A new chapter begins
The changing role of global benefits teams
Multinationals are outsourcing and consolidating retirement plans to cut risk, reduce costs, and adapt to evolving governance models.
Over the past five years, many multinational corporations have shifted towards greater local decision-making to meet increasingly diverse and complex market needs. Yet this decentralization has coincided with global HR transformations that have dramatically reduced in-country HR teams. With the rollout of global Human Resources Information Systems (HRIS) and the outsourcing of routine tasks to regional shared service centres, strategic local HR support in small to medium-sized countries has largely disappeared.
This dynamic has put mounting pressure on global benefits teams and global benefits centres of excellence (CoE). Originally tasked with building transparency and influence across local benefits, these teams are now being asked to step in directly, often navigating local legal, compliance, and regulatory issues without adequate in-country support. As local businesses are increasingly coming to global benefit CoEs for advice and guidance, many multinationals are looking to define a target state model for key benefits in order to ensure consistent treatment across country boundaries.

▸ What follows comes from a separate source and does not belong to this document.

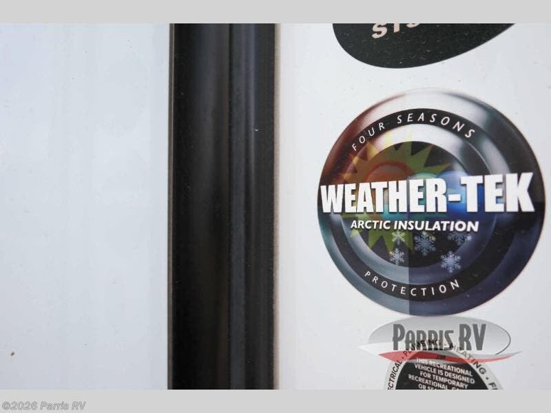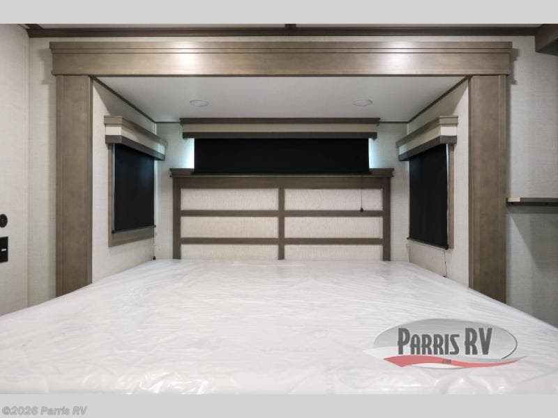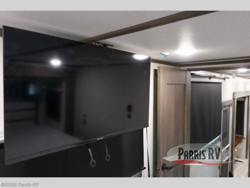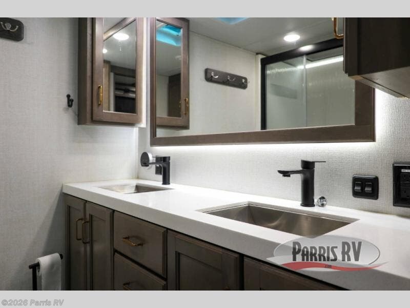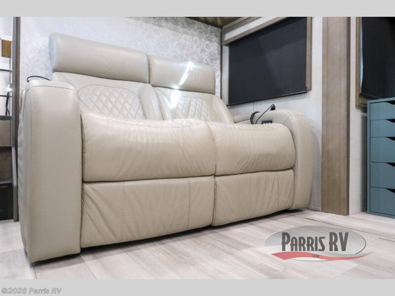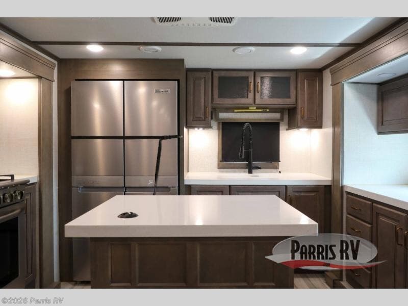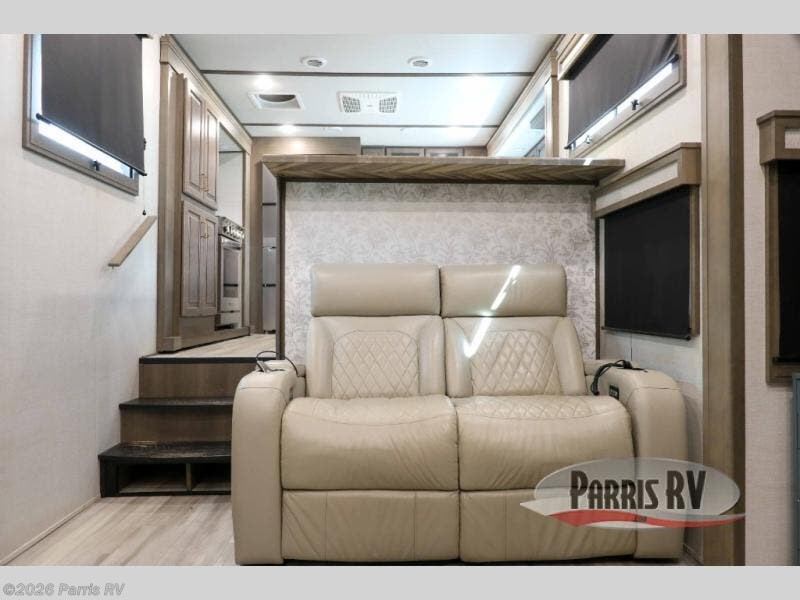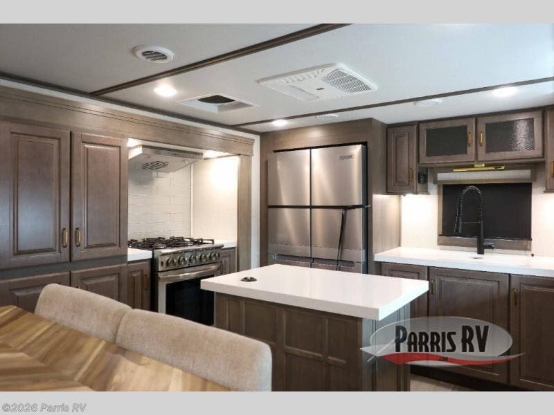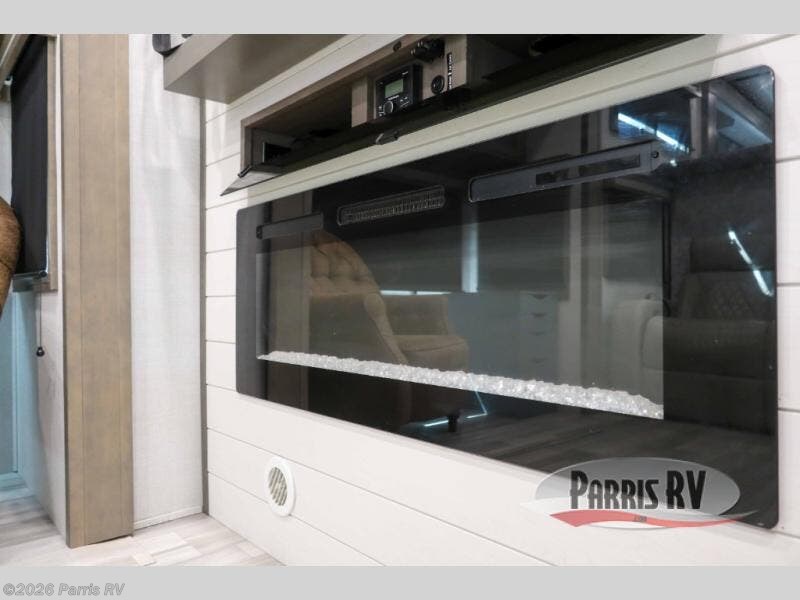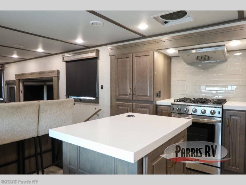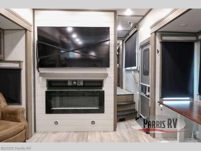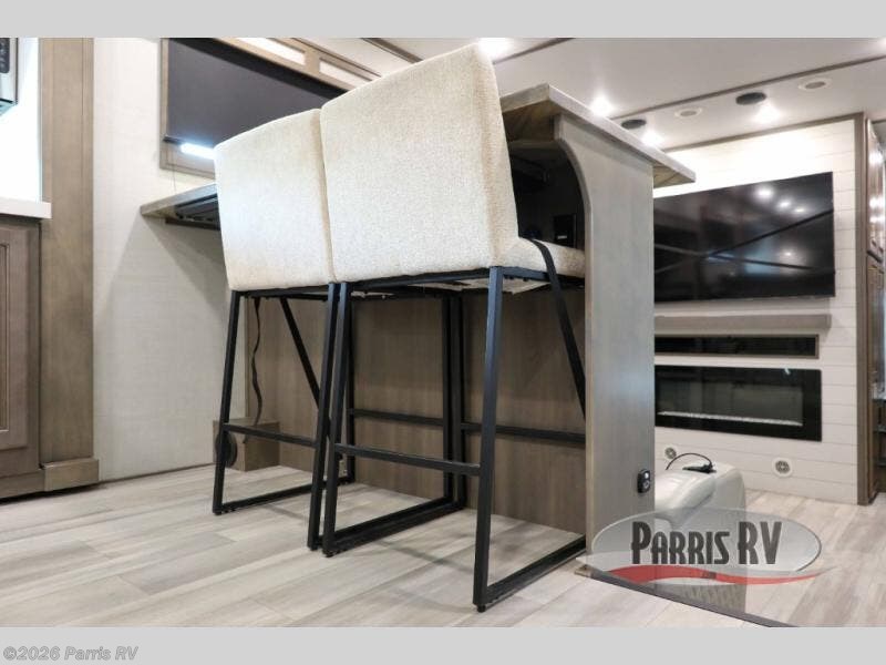Enjoy each and every vacation, month-long trips, or even extended stays at an RV park in this spacious fifth wheel! The raise rear kitchen gives the cook plenty of room to whip up any type of meal using the stainless steel appliances including a 24" residential oven, an oversized pantry, and the raised bar top will provide you even more counter space on top of dining with two chairs that overlook the middle living area. Relaxing is made easy thanks to two tri-fold sofas and theatre seating while watching the big game on the LED Smart TV and enjoying the fireplace below. Dual sinks in the full bathroom allow two people to easily get ready at once, and the flip up teak seat in the shower is a nice convenience. At night, retire to your own queen bed which slides out to provide more floor space, and enjoy a show on the LED TV above the flip-top dresser once in bed.

This target state model could include items such as the following:
| Need to have | Nice to have |
| Which types of benefits should and should not be provided | Ideal form of benefits (e.g., lump sum vs annuity) |
| Benefit requirements | Access to single sign-on online tools for enrolment, flexible benefit choices and for employee communications |
| Eligibility including waiting periods and vesting requirements | Degree of harmonisation of benefits within a country |
| Nature and frequency of market benchmarking | Preference for “off the shelf” third-party managed products rather than self-administered plans to reduce costs and risks |
| Employee contributions | Preferred model to managing DC retirement plan investments, including articulating preferred providers or investment frameworks |
What next?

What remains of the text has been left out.